Les nuages se déchirent un court instant, juste le temps d’apercevoir un effroyable flamboiement dans le ciel devenu couleur sang. C’est l’Etna. En éruption. C’est lui dont les caprices bouleversent la Méditerranée, la cause de ce coup de chien, c’est lui. A l’inquiétude succède chez moi un sentiment étrange : je suis rassurée puisque je connais la cause de ce mauvais temps, mais la hantise demeure intacte et la perplexité me gagne : comment allons-nous en sortir ? Je garde les yeux rivés sur l’emplacement présumé de la côte, tandis que je masque de la main les fulgurances du volcan en fureur qui m’éblouissent. Je perçois la tension de tout l’équipage dans cette quête improbable à travers une ombre d’encre.

Soudain des exclamations jaillissent, elles dominent tout le vacarme du vent, des vagues, des claquements dans les haubans : « Là, une lumière ! —Où ça ? —Là regarde, au ras de l’horizon ! » Je veux bien moi, je ne demande pas mieux mais l’horizon monte et baisse à une telle cadence avec cette mer déchaînée … Puis, oui, ça y est je vois, je distingue un petit serpent de lumière qui au ras de l’eau nous indique l’emplacement de la côte.
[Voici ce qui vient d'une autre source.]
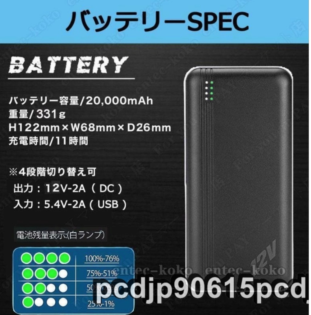 空調服 20000mAh バッテリーファンセット 空調ウェア フルセット 12V 冷却服 空調作業服 空調作業着 空調扇風服 男女兼用 薄型 夏通気性
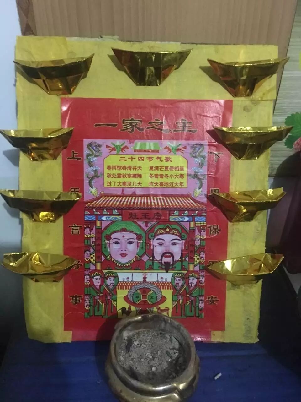 年近三十,神灵也在过年。年前,家家户户都要把各路神灵、祖先牌位恭恭敬敬地请出来,小心供上。屋里的锅灶上摆着灶王爷,一块A4那么大的硬纸壳上面贴着腊月里早早就从货郎那儿买好的灶王爷的画像,画像周边贴着“上天言好事,回宫降吉祥”的字样,除夕时还要在灶王爷旁边放上事先蒸好的“枣山”(一种像金字塔一样的面塑,上面整齐排列着大枣,二月二的时候吃掉)。另外一间比较清净的屋里摆放着写有“天下财源主,人间福禄神”的“财神爷”神位。在院子的窗台上放着“天地爷”,上面写着:“天恩深似海,地徳重如山”。院门口就是土地爷了,“土地门前坐,保佑一家人”。祖先的排位一般也要提前写好,摆在我们吃饭屋里最显眼的桌子上。上面写着“祭显考、祭显妣”等等故去亲人的字样。因为我会写一点毛笔字,母亲为了鼓励我,每年这些小对联,便成为我洋洋得意显摆幼稚书法的战场。
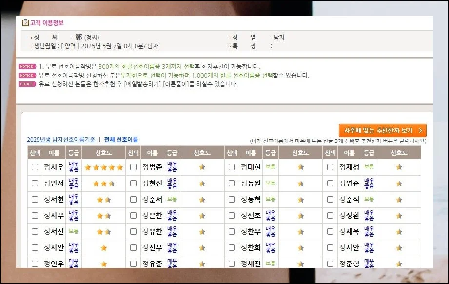 다행히 요즘에는 무료 작명 사이트를 활용하면 출생 정보를 입력하는 것만으로 체계적인 결과를 받아볼 수 있습니다. 사주에 기반한 한자 추천은 물론이고 인기 트렌드 순위와 성명학 점수 분석까지 한 곳에서 확인이 가능해요.
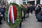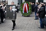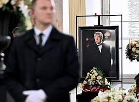 Церемония прощания с телеведущим Юрием Николаевым на Троекуровском кладбище. Телеведущий Валдис Пельш (в центре) на церемонии.
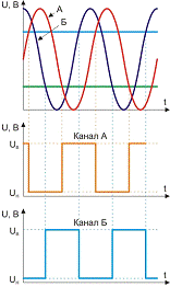 вторая последовательность импульсов - канал Б с фазовым смещением относительно

C’est la ligne du chemin de fer qui figure sur la carte, il n’y a pas d’erreur possible, ah quel soulagement, et ceci juste au moment où nous nous apprêtions à déclarer forfait, à cesser de lutter. Et quel bonheur intense de trouver la mer apaisée dès le cap contourné. Nous sommes submergés par une immense joie, profonde ; nous rions, nous crions victoire, nous venons de vivre une aventure hors du commun qui renforce notre amitié et scelle notre amour de la mer.

Cette expérience sans précédent m’a fait connaître une griserie nouvelle : être si près du volcan en éruption, le voir chahuter l’univers à son gré, a été un spectacle d’une beauté grandiose, mais terrifiante. Terrifiante parce que nous ne sommes franchement pas bien gros face aux éléments déchaînés… Souvenir inoubliable d’un ailleurs que je garde profondément gravé en mémoire, et que je retrouve à chaque fois avec autant de force et de joie.